The following is a complete example:

import wandb
import mlflow
import numpy as np

def times_two(x: float) -> float:
    return x * 2

samples = [np.random.rand(10, 10) for i in range(10 ** 4)]
batch_size = 5

with wandb.init(): # or mlflow.start_run()
    it = (
        IterableSource(samples)
        .async_map(times_two)
        .monitor(wandb.log) # or mlflow.log_metrics
        .batched(batch_size)
    )
    it.collect() # or it.take(<some int>).join()

This will create an iterstream with the same transformation logics as it was without the method monitor, but the calculated metrics at step async_map is sent to the callback function wandb.log. (The calculated metrics is of type Dict[str, [int, float]], therefore any function takes such argument can be used to plug into the callback of monitor.)

By default, monitor calculates two metrics: Input/output operations per second (IOPS) and throughput. However, this can be configured by passing a data class :pysquirrel.metrics.MetricsConf to the argument metrics_conf in monitor.
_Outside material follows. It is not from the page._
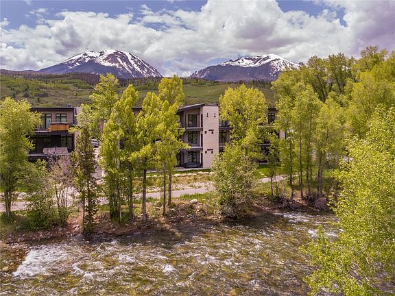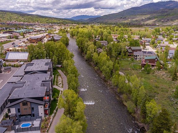 Take in the sweeping views and serene sounds of the Blue River in this coveted and rare ground level riverfront unit. This Mountain Modern Masterpiece, located in Silverthorne’s luxurious River West neighborhood, provides easy access to world class ski resorts and Gold Medal trout fishing literally steps outside your back door. You’ll catch your breath as you enter to the floor to ceiling windows, Olympia quartz counters with waterfall features, radiant heated floors, stainless steel appliances, and luxury vinyl plank throughout. The kitchen is the place to gather with plenty of seating, counterspace, oversized island and pendant lighting. The chef’s kitchen is complete w/ high end appliances featuring a four burner gas range with griddle, undercabinet lighting and large pantry. The great room boasts unobstructed views of the Blue River from every angle and cozy gas fireplace with warming hearth. The spacious primary suite features a walk in closet, roomy bath offering floating European flat panel cabinetry, dual sinks, and large walk in shower tiled floor to ceiling. Sleep comfortably in the secondary bedroom on the queen over queen custom made bunk beds and large closet. Step outside to your heated large private covered patio, sounds of the river and fresh mountain air. Perfect place to enjoy your morning coffee, BBQ with friends and family, or relax in the evening after a day of mountain adventures. Don’t miss the community hot tub, fire pit gathering area, and walking-bike path along the Blue River. Walking distance to restaurants, shopping, theater. Affordable HOA dues includes heat and gas fireplace. One reserved carport space in front of unit and large attached private storage/ski locker with 2 parking passes for additional parking. This mountain getaway comes fully furnished. Don’t miss the luxury, convenience, and natural beauty that come together seamlessly in this magnificent home.

For details, see :pysquirrel.iterstream.metrics.

Monitoring at different locations in an iterstream in one run can be achieved by inserting monitor with different `prefix`:

with wandb.init(): # or mlflow.start_run()
    it = (
        IterableSource(samples)
        .monitor(wandb.log, prefix="(before async_map) ")
        .async_map(times_two)
        .monitor(wandb.log, prefix="(after async_map) ") # or mlflow.log_metrics
        .batched(batch_size)
    )
    it.collect() # or it.take(<some int>).join()

This will generate 4 instead of 2 metrics with each original metric bifurcate into two with different prefixes to track at which point the metrics are generated. (This does not interfere with metrics_conf which determines which metrics should be used in each monitor.)